Is my friend being taken for granted??
February 25, 2009 3:52pm CST
My daughter dances at an academy in the next town to where I live. There are several of us who live in the same town but not near each however my friend always brings my daughter home on Wednesday & Friday nights as her daughter dances too. I always offer to take or bring the girls back to give her a break but she always refuses. She also picks up & drops off another girl, her mother works days & her father nights and they share 1 car. Despite this they could easily drop & pick up their daughter themselves however make out this is too difficult hence why my friend picks/drops her off, this started approximately 3 years ago. The 3 girls have all been lucky enough to appear in semi professional panto for the last couple of years and the story is the same for the other girl.
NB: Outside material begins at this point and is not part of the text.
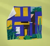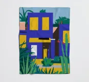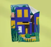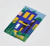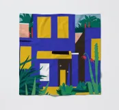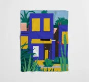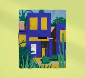 Illustrazione di un moderno edificio blu e giallo di notte, circondato da piante rigogliose. La composizione è fresca e d'atmosfera, con un'atmosfera elegante, contemporanea e urbana.
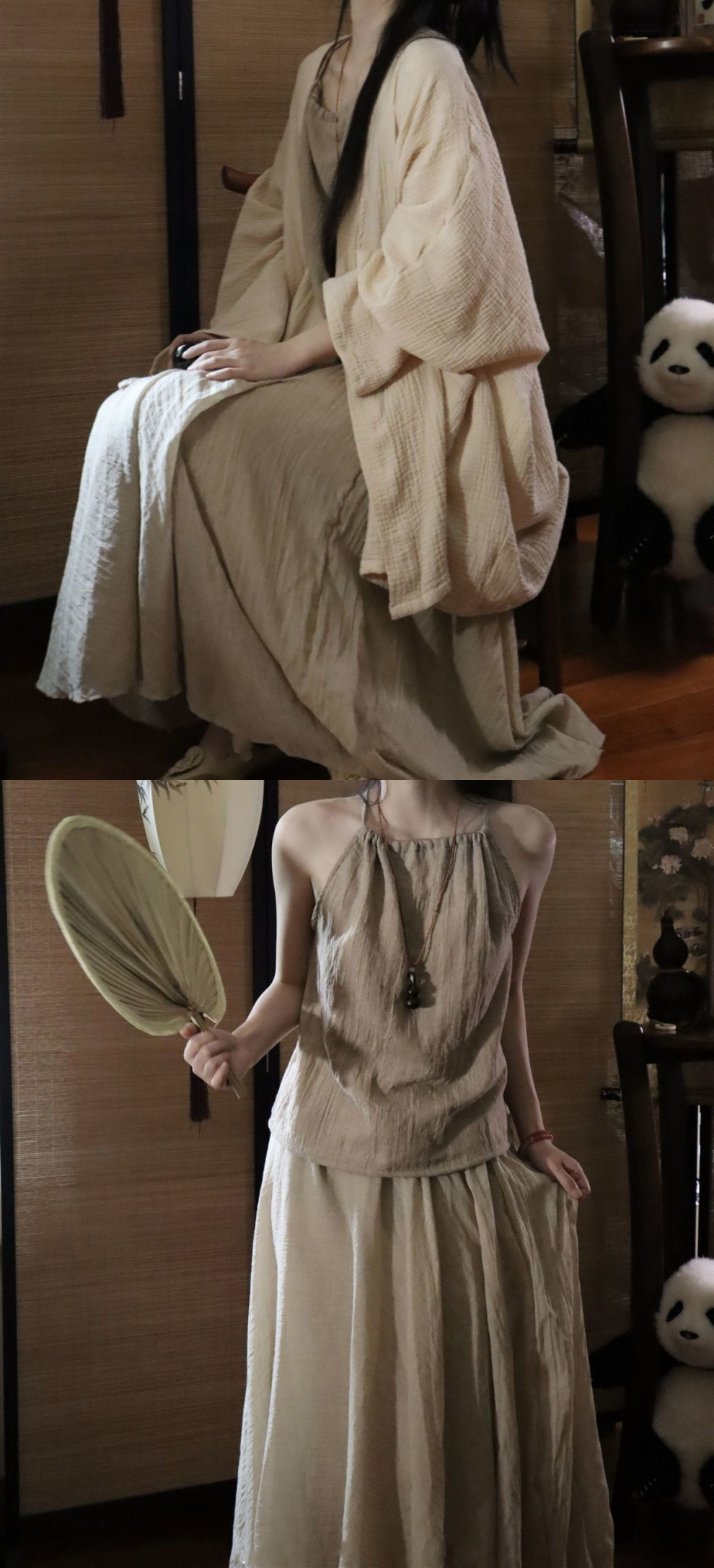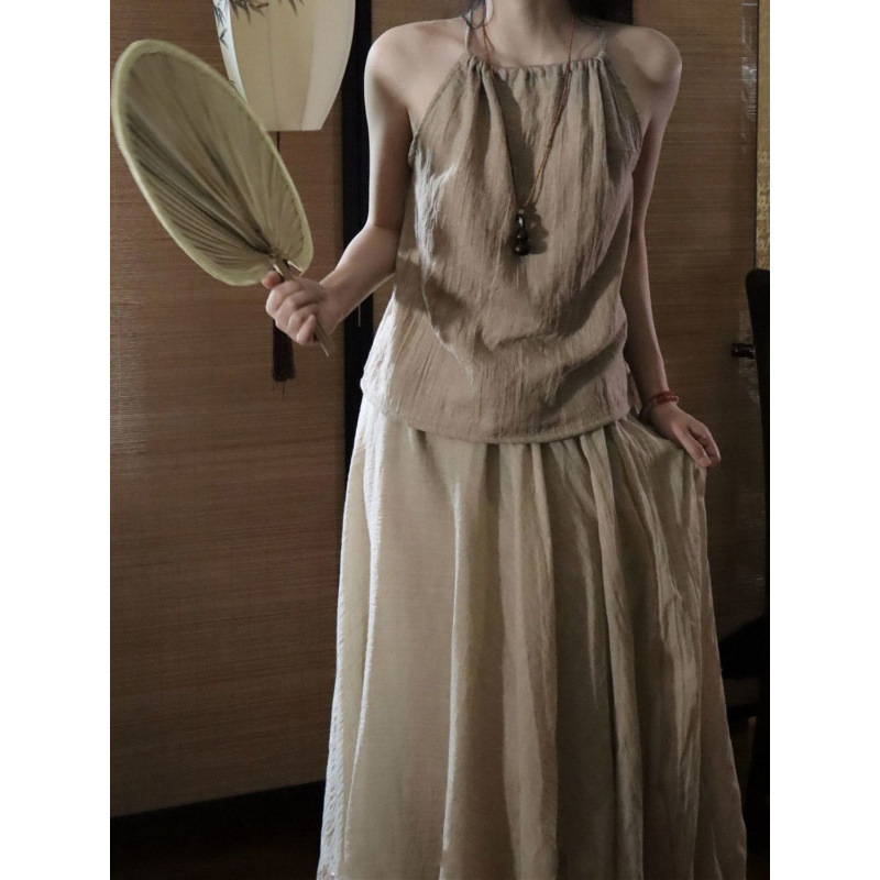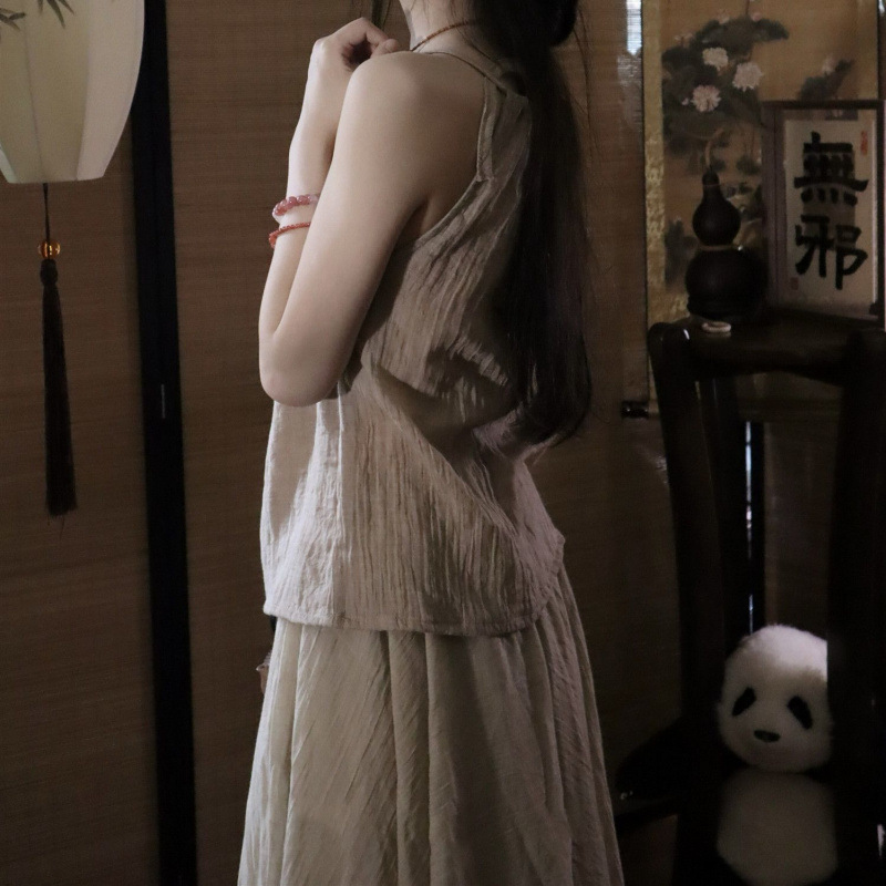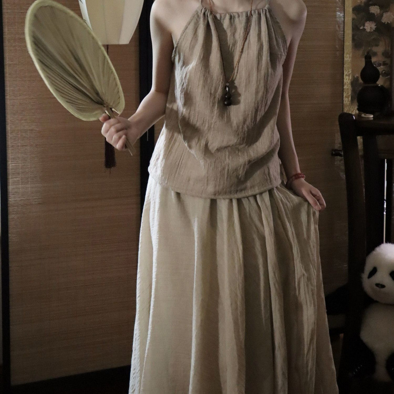 禅意风外套挂脖吊带飘逸半身裙棉麻禅服女装清冷茶服汉服

Her mother stating she can't drop her off etc etc. Her mother however did the matroning for the girls during panto and made my friend wait outside until she was finished. In addtion to this the girls also have one off workshops where they will have someone come in to teach them about something about another style of dance etc. They had one last week while we were away & again the mother of the other child stated she couldn't do the pick/drop. My friend agreed to collect and return the girl. She collected her in the morning and confirmed the afternoon arrangements with her father. Upon collecting her daughter and the girl, her daughter came out and 15 minutes later she was still waiting for the other girl. My friend went in and asked to speak with the girl who stated she was going to someone elses house and did not need to be returned. No one had told my friend and she asked the parents who got really angry. My friend was more worried about something happening to the girl and her being responsible as she was supposed to have the girl in her care. The girls mother has been quite nasty treating my friend like she is their daughters driver and not a friend. My friend got upset over it at my house and was in floods of tears. I hate seeing her like this as she is a very caring and giving person, she would give you her last penny if you asked for it x I think this woman is taking full advantage of my friends kindess! I know I've waffled a little bit but it's really upset me!! Have you ever experienced something similar yourself or has your friend?? If so what advice would you give?? Thanks MrsL x
• United States
25 Feb 09
Yeah, unfortunatly I have had issues with such things. It hurts and bothers me. I go out of my way to do something nice because I want to, and then when something changes I am the last to know about it, but when I make a deal out of it, I am in the wrong. I think in your friends case, since the parents got angry over her being caring and worrysome, then that would be the end of her genersosity of picking up the girl, looking after her and caring for her. She didn't' over step, she showed that she cared for the well being of this child, and she should have been informed one way or another by the parent that this girl was going else where and wouldn't be needing a ride. This girl could have been taken by someone else and then the blame would of been on your friend. If the parents can see she was doing what she needed to do, then it's time for them to step up and start managing the girls ride to and from dance. I can understand your friend feeling bad about it but just encourage her she did the right thing. She was the adult. Good for her!
25 Feb 09
What you described in the first part of your response is almost exactly what my friend said to me tonight! I have tried to encourage her but she is under pressure with other things and doesn't need the confrontation the other woman is trying on. I think she felt responsible for what could of happened x Thanks for the response, it is very much appreciated MrsL x
• United States
26 Feb 09
It seems to me that your friend is being taken advatage of. If I were in her shoes, I'd probably have to stop taking the other girl for a while so her parents could see how much it takes to be the transport for the child. Running a child to and from an activity takes lots of time and in all honesty is a hassle. It seems that your friend is undervalued by the other parent. I think she is lucky to have a friend who cares as much for her as you do. All you can really do is stand by her and help her get through this situation. I wish her the best. She's in a tough spot, I think she should stand up for herself, but in situations like this, it's hard to do and say the right things.